Contact’s summary factsheet outlines all the basics about Personal Independence Payment – also known as PIP
It also has a new guide for parents on PIP other benefits at 16, which looks at what tests are used to decide if someone gets PIP, how the points system works, plus other benefits and rights entitlements when a child reaches 16 years of age and is staying on, or leaving, non-advanced education or approved training.
PIP helpline: 0345 850 3322
This new means-tested benefit is being rolled out across the UK.
It’s for people of working age and is gradually replacing new claims for income support, income-based Jobseeker’s Allowance, income-related Employment and Support Allowance, child tax credit, working tax credit and housing benefit.
If you spend 35 hours or more caring for your child or young person, you may be eligible for Carer’s Allowance. Read an overview of the Carer’s Allowance benefit and learn about eligibility and how to claim on the government website
Contact has factsheets and a video explaining who can claim. Visit CaF’s Carer’s Allowance webpage to learn more.

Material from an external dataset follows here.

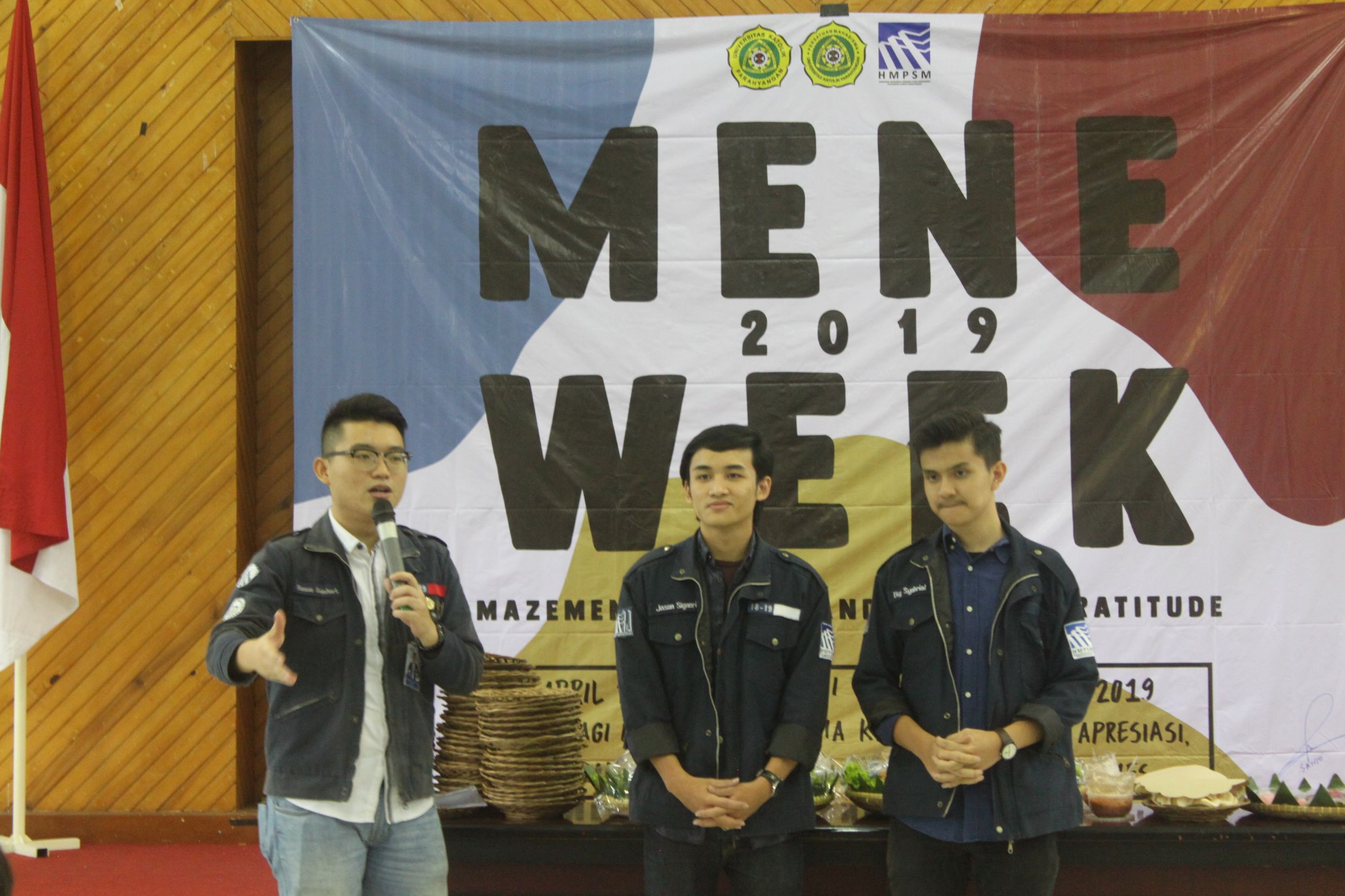 Rangkaian program kerja Meneweek 2019 dimulai pada hari Selasa, 30 April 2019 pada pukul 11.45 dengan membagi-bagikan cokelat kepada seluruh anggota HMPSM diseluruh UNPAR oleh para pengurus HMPSM. Dimulai dari student center, kemudian kantin OBC, hingga berakhir pada kantin semi basement yang biasanya menjadi tempat singgah anggota HMPSM UNPAR pada saat istirahat. Hal ini ditujukkan dalam rangka kami pengurus HMPSM ingin berterimakasih atas partisipasi dan apresiasi atas dukungan dan keikutsertaan anggota HMPSM terhadap seluruh kegiatan dan program kerja yang sudah HMSPM lakukan selama satu periode penuh. Tentunya dengan bantuan baik secara langsung maupun tidak langsung dari anggota selama satu periode ini, memberikan makna yang berarti bagi kepengurusan HMPSM.

Become a DWP appointee for your young person
You can apply to the DWP to become an “appointee” and manage benefit affairs for your young person if they are not able to manage things themselves.

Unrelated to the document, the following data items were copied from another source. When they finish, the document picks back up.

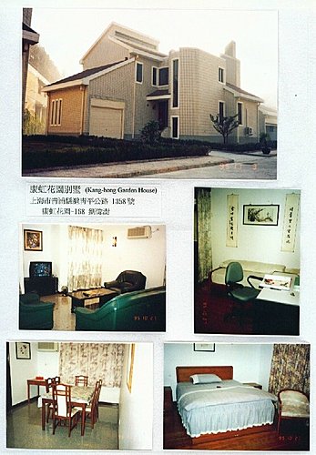 房屋出租 Garden House For Rent ----------------------------------------------------------------------------- 上海康虹花園別墅 (Shanghai Con-Hong Garden House) A31 獨棟 ( 土地 Land 432 square meters 131 坪, 房屋 House 279 square meters 84 坪. ) European-style construction, 279 square meters, 2-floor garden house Big living room, dining room, 4 bedrooms 3 bathrooms, with parking lot remote control garage, good location and reasonable rental.
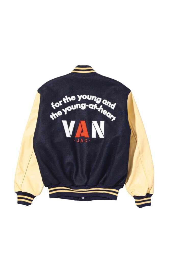 ボディにメルトン、袖に牛革を使用した定番のスタジャン。背面にはアップリケ刺繍が施され、付属のワッペンは好みの場所に縫い付けてカスタムを楽しめる。9万7900円
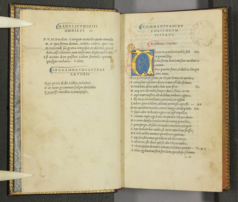 Aldine Virgil (Eclogues, 1501), a landmark Venetian edition introducing italic type and pocket-sized octavo books. These innovations supported wider reading among scholars and educated urbanites. The source page includes further curatorial commentary beyond syllabus scope. Source
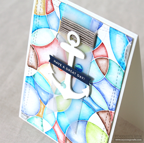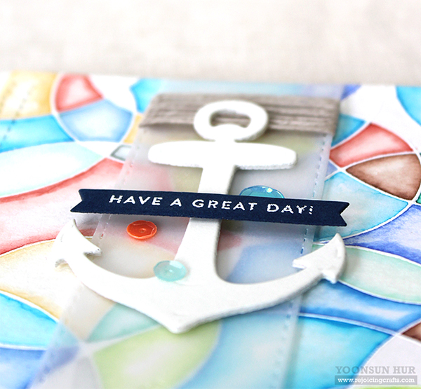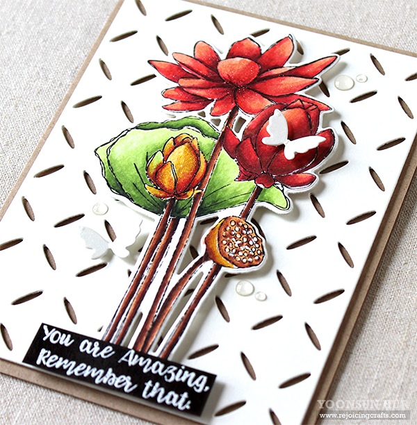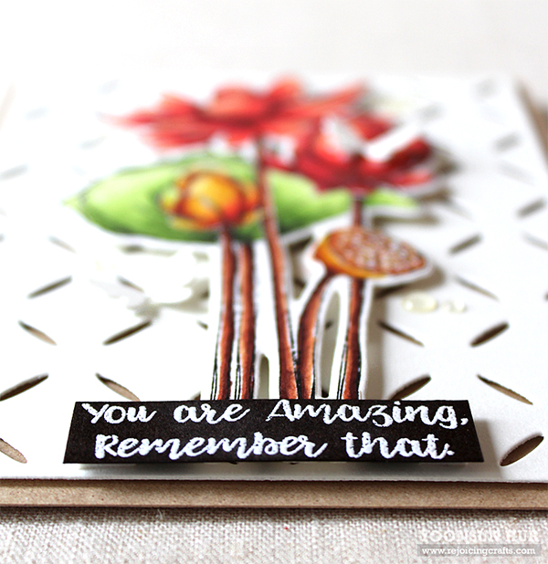 Once the sentiment panel was completely dry, I mounted it on white card base using double-sided tape first, and then added the

Sense, the national charity supporting people who are deafblind, have sensory impairments or complex needs, explains the role of appointee on its website.

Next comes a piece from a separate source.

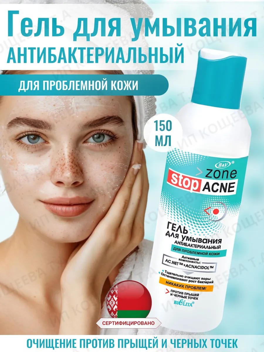 Zone Stop ACNE Antibacterial Cleansing Gel. CLEANSING AGAINST ACNE AND BLACKHEADS. Deeply cleanses pores, leaving skin matte. Antibacterial ingredients inhibit bacterial growth, dry skin without overdrying, and normalize sebum secretion.

Full details and how to apply to become a DWP appointee are on the Government website.
Challenging a DWP decision?
Disagree with a decision over Department for Work and Pensions (DWP benefits? Before you can appeal you have to ask the DWP to reconsider – it’s called a “mandatory reconsideration”.
Disability Rights UK has a free factsheet for anyone challenging a decision on a benefit administered by the DWP – such as employment and suppport allowance, DLA and PIP.
Parents’ top tips
- Get advice. Benefits can be complex and eligibility does depend on individual income and circumstances.
- Think ahead. If you know you’re going to have to go to an interview or face-to-face consultation or fill out a form, gather all the evidence you need in good time.
- Take a photocopy of any forms you fill in.
- Send them by registered post — payments can stop if you don’t meet the deadlines
- Be specific about how your child is affected by their disability or SEN. Spell out exactly how it impacts them, on separate sheets of paper if necessary.
More pointers: don’t miss our benefits blog article
The Disability Grants website
The Disability Grants website has loads of information on a wide range of grants for people with disabilities. It was set up by a parent and is worth a look.
The Family Fund
The Family Fund is a UK Charity which helps low income families who are raising a disabled child or young person with additional complex needs or children and young people with a serious illness. They support families by providing grants that relate to the need of their disabled child or young person. For example the money can be used for days out, garden play equipment, computers, toys and kitchen appliances like dishwashers and washing machines. To apply on line click here. You can also email email@example.com or phone 08449 744 099.
Education Welfare Benefits
Cambridgeshire County Council has a parent’s guide to education welfare benefits, ranging from free school meals and childcare for two-year-olds to bursary payments for 16-19 year olds to stay on in education. More information on the county council website or download a copy of the guide.
Mobility help from Pidley Mountain Rescue
This local charity, at Pidley, near Huntingdon, provides specialised equipment for disabled children and adults in Huntingdonshire to develop and progress their personal mobility, and improve their homelife, while raising awareness of the needs of disabled people in our community.
Equipment provided has included wheelchairs, electric scooters, specialised trikes,paediatric buggies, adaptive computer software and hardware; and sensory equipment.